PSK Genel Başkanı Bayram Bozyel; "Deprem Mağdurlarının Yaraları Bir An Önce Sarılmalı" çağrısında bulundu.
06 Şubat 2023 tarihinde yaşanan depremde yüzlerce kişinin hayatını kaybettiği Diyarbakır Galeria önünde PSK Başkanı Bozyel yaptığı basın açıklamasında; 6 Şubat deprem kurbanlarını anarak "Türkiye ve Kürdistan'ın bir deprem bölgesinde olduğunu ve bu gerçeğin kabul edilmesi gerektiğini" belirtti.

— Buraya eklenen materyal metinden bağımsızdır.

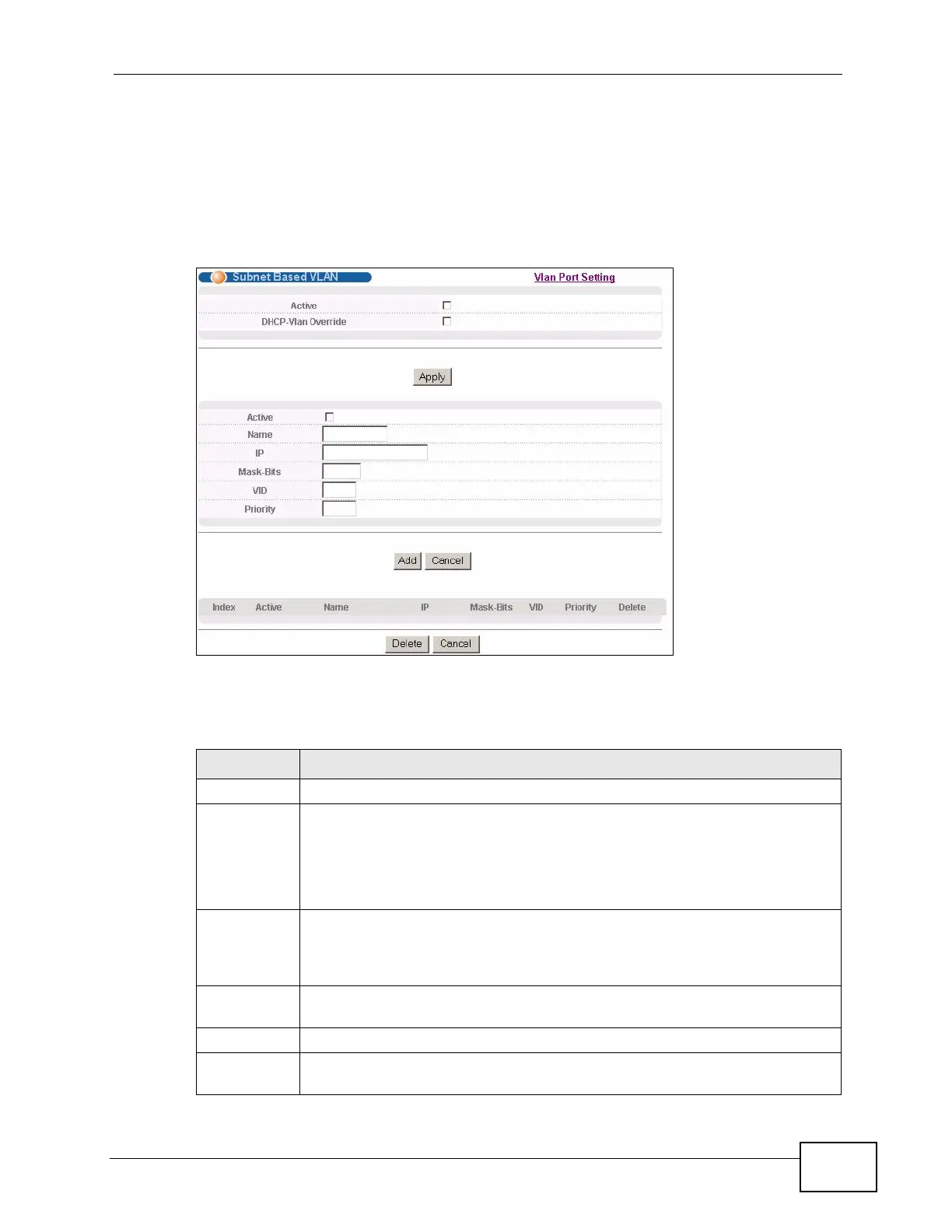 Table 20 Advanced Application > VLAN > VLAN Port Setting > Subnet Based VLAN
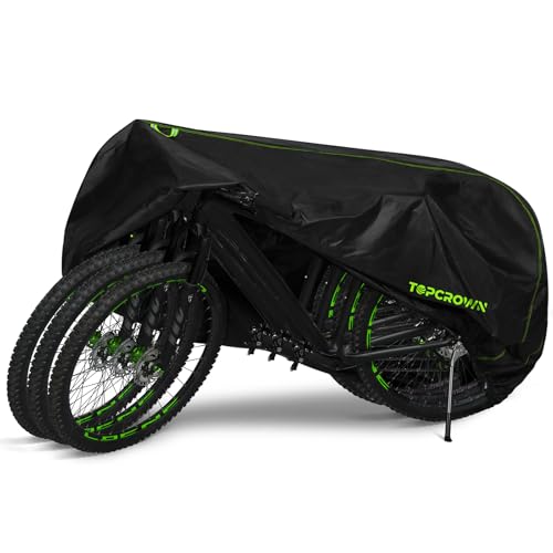 {"about_product": ["Fabric Characteristics - Topcrown bike cover uses 210D fabric combined with a hydrophobic coating, PU waterproof coating, and anti-UV coating, three core technologies to ensure excellent protection for bicycles. The fabric just has 80 GSM (g/m²), but its multi-layered design enables it to withstand water pressure of up to 3000mmH₂O, striking an excellent balance in water resistance, sturdiness, and lightweight.", "Large Size - XL Size for 1 bike: 79'' L x 28'' W x 43'' H, XXL Size for 2 bikes: 83'' L x 37'' W x 43'' H, XXXL Size for 3 bikes: 87'' L x 43'' W x 47'' H, easily covering bike up to 29\", providing comprehensive protection for your bike, enabling you to easily handle rain, sunlight, UV rays, dust, dirt, and other pollutants", "Detail Design - The elastic band at the bottom, along with the front and rear wheel buckles, allows you to secure the bike cover more effectively, providing better wind resistance. The woven nylon lock hole offers better protection for the paint, while metal lock holes can easily scratch the surface.", "Innovative Design - Unlike the outdated designs of traditional bicycle covers, Topcrown boldly incorporates green elements. The integration of green accents, such as the pull tabs, stitching, brand logo, and lock hole with the black fabric, creates a stylish and simple overall appearance that aligns well with our brand's commitment to promoting environmental conservation.", "Easy Carry Easy Store - We provide a storage bag to help you better organize the bicycle cover. The cover is designed for static storage (Warehouse/Courtyard/Garage/Roadside) only, NOT suitable for transport storage (Cars/RVs/Boats)"], "product_description": null, "product_information": {"ASIN": "B0D8Y5F2V6", "Size": "XL Size for 1 bike", "Shape": "rectangular", "Style": "Eco-Friendly/Minimalist", "Item Weight": "14 ounces", "Part Number": "Bike Cover-001", "Closure Type": "Buckle, Zipper", "Manufacturer": "Topcrown", "Best Sellers Rank": "#1,141 in Sports & Outdoors (See Top 100 in Sports & Outdoors) #1 in Bike Covers", "Item model number": "Z2024070601", "Product Dimensions": "79 x 28 x 43 inches", "Batteries Included?": "No", "Batteries Required?": "No", "Included Components": "Bike Cover * 1, Storage Bag * 1", "Date First Available": "July 6, 2024", "Item Package Quantity": "1"}, "product_details": {"Brand": "Topcrown", "Color": "210D Black+Green", "Material": "210D Oxford Fabric (Lab Data: 80 g/m², 3000mmH₂O)", "Item Weight": "14 Ounces", "Water Resistance Level": "Water Resistant"}}
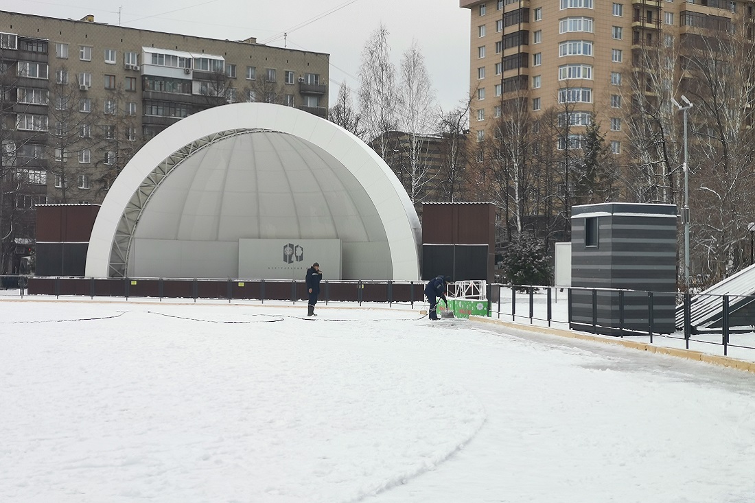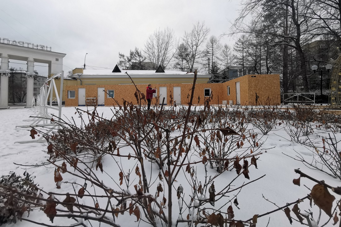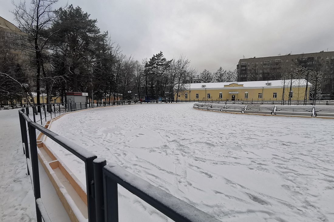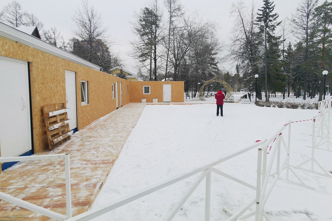 В Центральном парке тем временем заливают каток. По его периметру установили ограждения и деревянные бортики. У входа на территорию собрали пункт проката коньков.
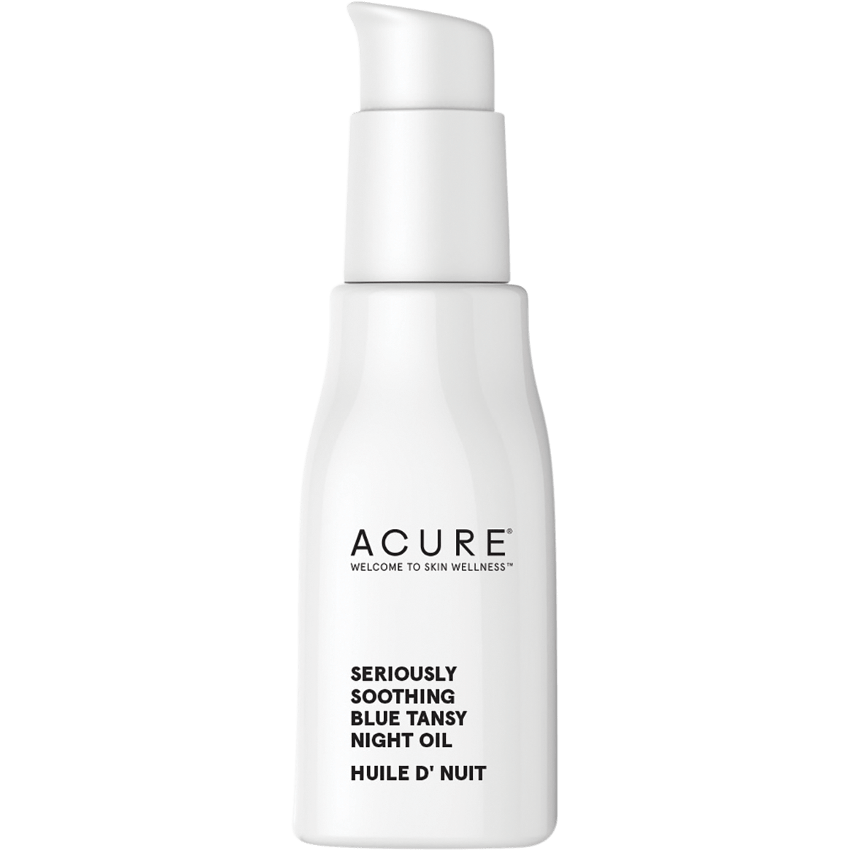 Discover the magic of nighttime rejuvenation with ACURE Seriously Soothing Blue Tansy Night Oil. This luxurious facial oil is meticulously crafted for those seeking a calming and nourishing addition to their evening skincare routine. Ideal for all skin types, especially sensitive and stressed skin, this blend envelops your complexion in a veil of hydration and tranquility, preparing it for a restful night and a radiant morning.
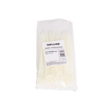 Хомут нейлоновый, Deluxe, СП 4.8*250 мм (Б), белый (100 штук в упаковке)
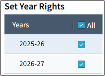 Set Year Rights Section (right top) : This section is where you set the years the user has access to.
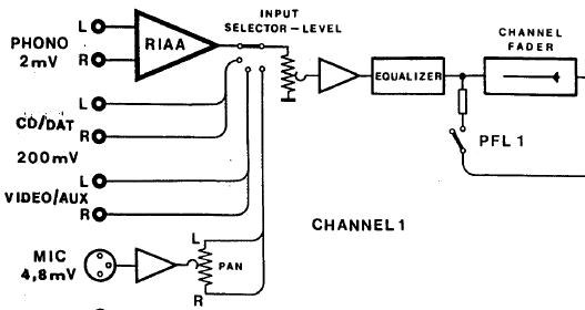 Naast de microfooningang bezit elke ingangsmodule tevens een aantal lijningangen . Deze lijningangen (CD/DAT, VIDEO/AUX) zijn geschikt om signalen met een hoog niveau rechtstreeks in de mengtafel te brengen. Aangezien deze signalen sterk genoeg zijn hoeven ze niet meer via de voorversterker te passeren en worden ze dan ook meteen aangeboden aan de volgende trap. En dat is een regelbare trim-preamp, laat het ons zo noemen, maar beter bekend als de naam GAIN . Hiermee kan het binnenkomende signaal geregeld worden binnen een beperkte versterkings- en/of verzwakkingsmarge (meestal ± 10 dB).
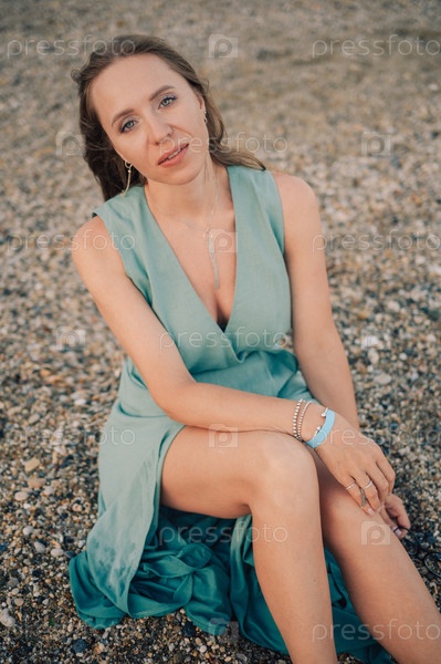 Женщина в развевающемся платье на пирсе у моря
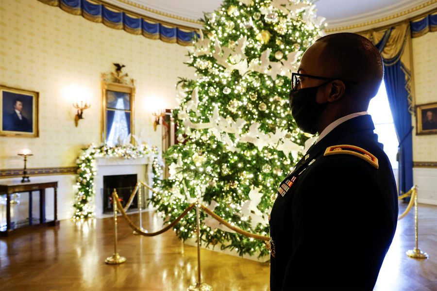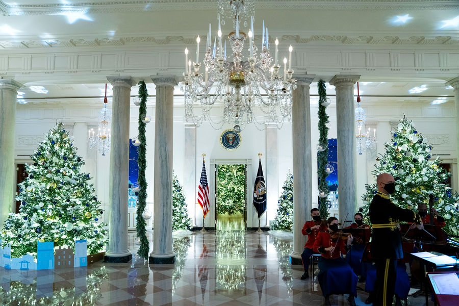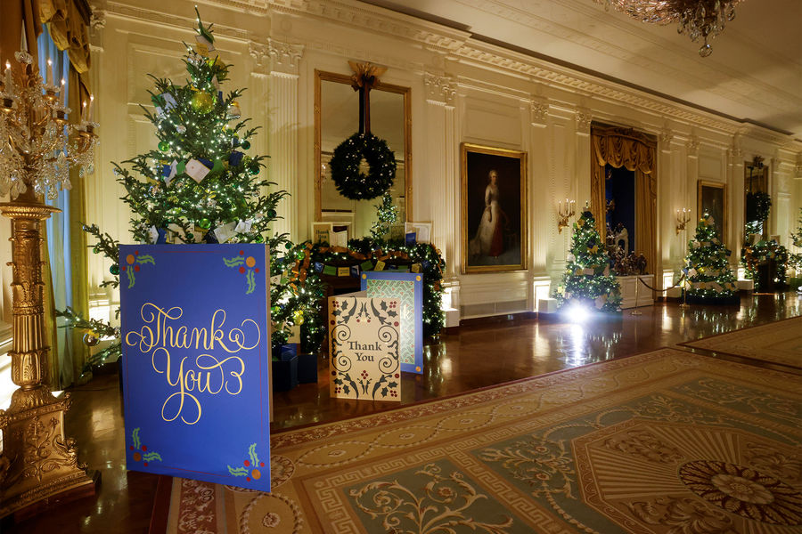 В США украшением резиденции президента к Рождеству традиционно занимается первая леди. В этом году свой вариант декора впервые представила Джил Байден. Она выбрала темой дизайна фразу «Подарки от всего сердца».

PSK Genel Başkanı Bayram Bozyel'in basına yaptığı açıklama şöyle;
06 Şubat 2023 tarihinde Maraş’ın Pazarcık ve Elbistan
ilçelerinin merkezinde olduğu 7.7 ve 7.6 şiddetindeki büyük deprem felaketinin
üzerinden bir yıl geçti.
Çoğu Kuzey Kürdistan’da bulunan onbir il, yüzlerce ilçe ve
yerleşim merkezini vuran ve 13 milyondan fazla insanın yaşamını etkileyen Maraş
depreminde resmi rakamlara göre 53 537 kişi yaşamını yitirdi, yüz binlerce insan
ise yaralandı. Gerçek can kayıpları ve yaralı sayısının resmi rakamlardan kat
be kat fazla olduğuna şüphe yoktur. 6
Şubat depreminde yaşanan maddi yakım, insani mağduriyetler ve trajik acıları
ise rakamlarla ifade etmek mümkün değil.
Bu vesileyle bir kez da 6 Şubat depreminde yaşamını yitiren
bütün insanlarımızı saygı ve sevgiyle anıyoruz.
Depremde yaşanan maddi ve insani kayıpların bir önce telafi edilmesi
için iktidara daha hızlı hareket etme çağrısında bulunuyoruz.
6 Şubat deprem felaketi, Hatay ve Adıyaman gibi kimi
kentleri bütün tarihi dokusuyla yok ederken, birçok kentte milyonlarca insanın
evinden barkından olmasına yol açtı. Yüzbinlerce insan zor ve elverişsiz
koşullarda çadır ya da konteynerlerde yaşamaya mahkûm edildi.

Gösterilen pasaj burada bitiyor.